Location: Ponte Vedra Beach FL
14,617 posts, read 21,424,579 times
Reputation: 6794
Quote:
Originally Posted by Ariadne22 View Post
Original Medicare will only pay for mole removal if a biopsy is done and it's cancerous - that's what Robyn posted quite a while back - irrc. So, Medicare doesn't pay for preventive mole removal at all.

I'm on Advantage and my doc (in his office) used liquid nitrogen to remove a whole bunch (just like my deceased aunt, I'm getting the darn things everywhere). I've got a whole bunch of new ones that need to be removed, now. UHC paid him $165, I paid $40. That was it. There is nothing in my plan changes for 2014 about outpatient surgery, at all. Don't know how I never had to pay for this, but I didn't.

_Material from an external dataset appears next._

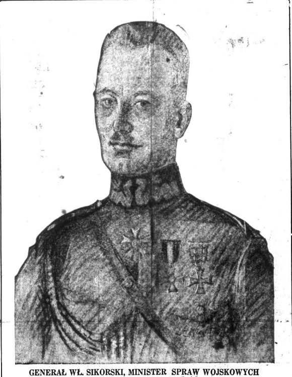
GENERAL WŁ. SIKORSKI, MINISTER SPRAW WOJSKOWYCH

BUDAPEST, 18 lutego. — Spadek wartości korony węgierskiej poniżej korony austriackiej, do 90 tysięcy za dolara, wywołał popoch w społeczeństwie węgierskim, które straciło nadzieję w możliwości uzyskania międzynarodowej pożyczki, mimo zapewnienia premiera Belleny, że ma nadzieję na uzyskanie pożyczki zagranicznej. Rząd premiera Belleny zwrócił się do wielkich banków z żądaniem udzielenia rządowi miliona dolarów pożyczki na pokrycie niedostatek budżetowy. Dyrektor anglo-austriackiego banku, S. Mon. Krausz, który dopuszczono

Well, for zero premium, I figure I'll have to pay for some things. That, or go on a Medigap at a cost of $2500/yr, minimum, or a HD-Plan F for $700/yr, with a $2,050 deductible. Somehow, paying $200/mo. for a Medigap plus $105 for Part B doesn't appeal. Nor does $700/yr, and still be exposed to $2,050 oops.

There's no free lunch when it comes to health care.
Nope - I didn't say anything about moles (I have a few small ones - but I've never had one removed). I did have skin cancer surgery (Mohs) pre-Medicare - and my insurance covered that. I've had non-cancerous sebaceous cysts removed post-Medicare (by a plastic surgeon) - and Medicare covered those procedures (based on the size/locations of the cysts - they were painful and somewhat debilitating). Guess the issue for any type of insurance is whether you're doing something for cosmetic reasons (not covered) - or non-cosmetic reasons (covered).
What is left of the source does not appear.